Thanks JC. I know it was something wrong with that picture. so you say wrong place and wrong time. Well, that's a good one. I thought it was kinda connected with a whole lot of wrong for a very long time.
Wrong for too long as far as I'm concern.
AND NOW STALIN STATURE DISAPPEARS!

GORI, Georgia (Reuters) – Authorities removed a towering statue of Soviet dictator Josef Stalin from the central square of his native city in the dead of the night on Friday, carting away the monument to Georgia's most famous native.

The 6-meter-high bronze statue will be replaced by a monument to victims of Georgia's 2008 war with Russia and of Stalin's repression, officials said -- a rebuke to Moscow.

In an unannounced operation that began after midnight and was over before dawn, municipal workers and police took the statue down from its stone pedestal in the small city 80 km (50 miles) west of the capital, Tbilisi.

The statue's removal drew a mixed reactions in Gori, where it was erected a year before Stalin's death in 1953.

"How could they remove it? ... Stalin was a great individual and the most famous Georgian in the world," Irina, who gave only her first name, told Georgian public television.

"Stalin's monument was a symbol of our town," she said.

Outward signs of Stalin's pervasive personality cult were swept away after his death across Georgia and the rest of the Soviet Union, but he is revered by many in Gori.

Another resident, who identified herself as Maya, called it "the right decision.

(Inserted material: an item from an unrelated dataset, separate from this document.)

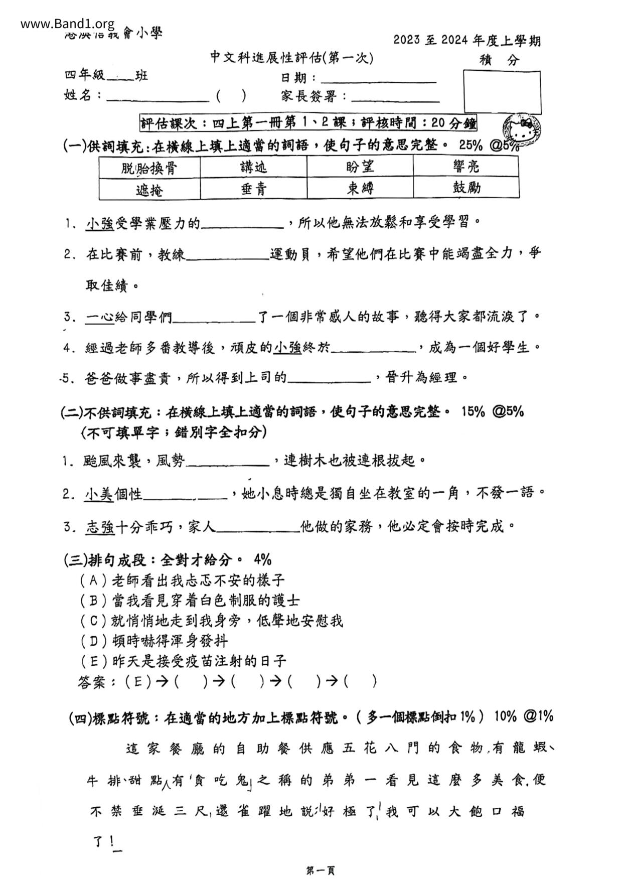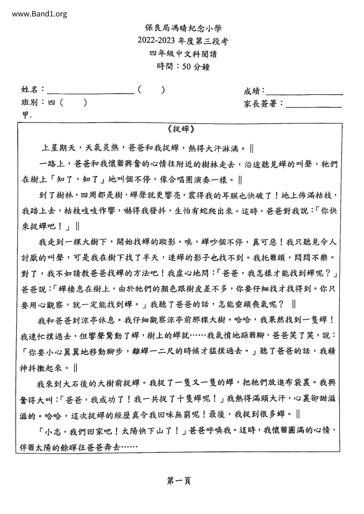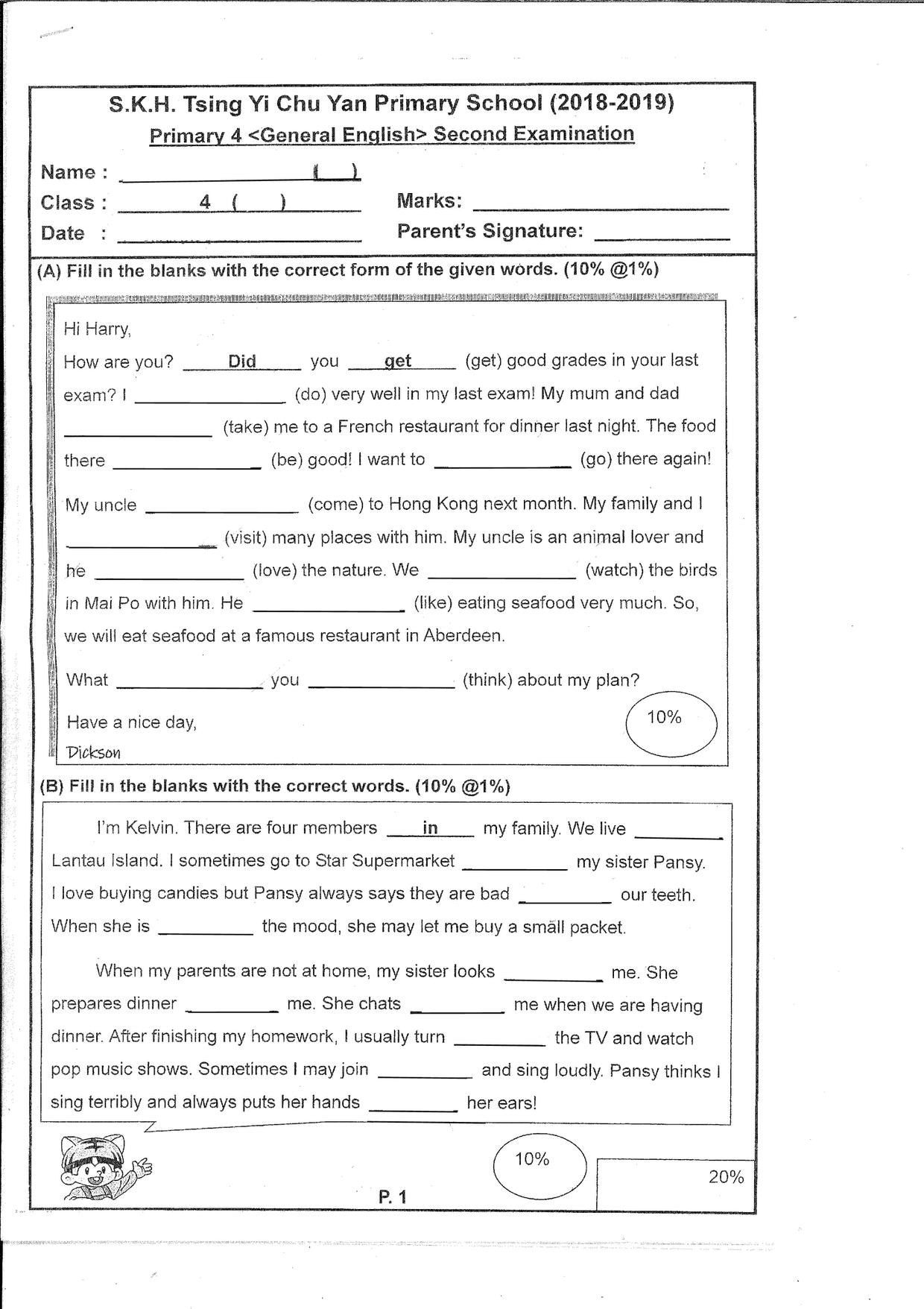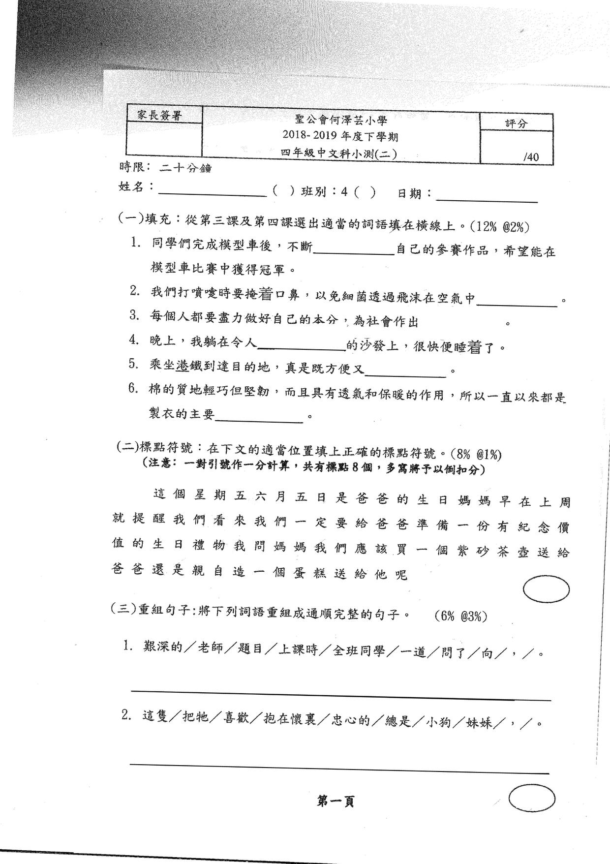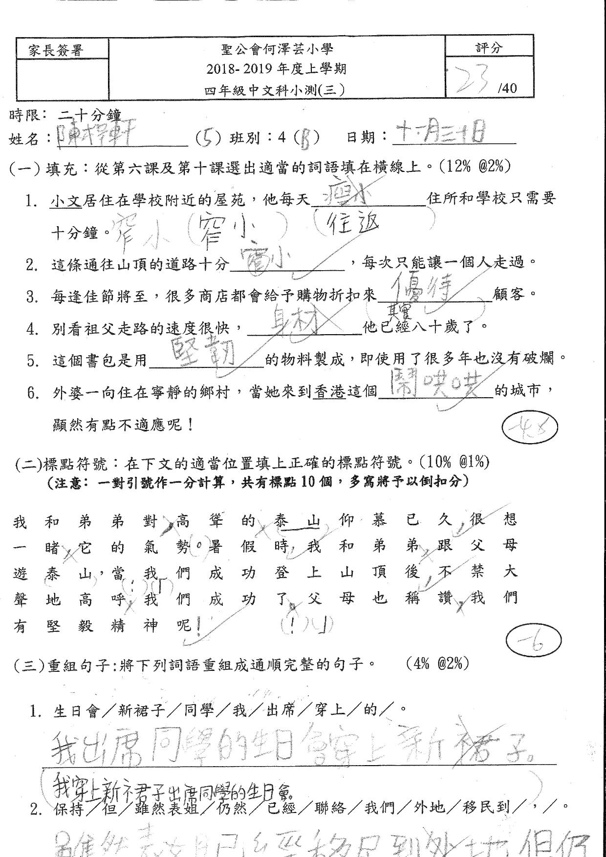 小四 英文 香港九龍塘基督教中華宣道會台山陳元喜小學

It's more logical to have a memorial to victims of war than a huge Stalin monument."

Widely reviled as a dictator responsible for millions of deaths, Stalin is held up as a hero by supporters across the former Soviet Union who say the country could not have defeated Nazi Germany or become a superpower without his leadership.

For many Georgians including pro-Western President Mikheil Saakashvili, the monument was a symbol of Moscow's lingering influence two decades after the small nation gained independence in the 1991 Soviet collapse. Resentment of Russia flared with the five-day war in August 2008.

"There is no place for such an ugly idol in Georgia," Culture Minister Nika Rurua said.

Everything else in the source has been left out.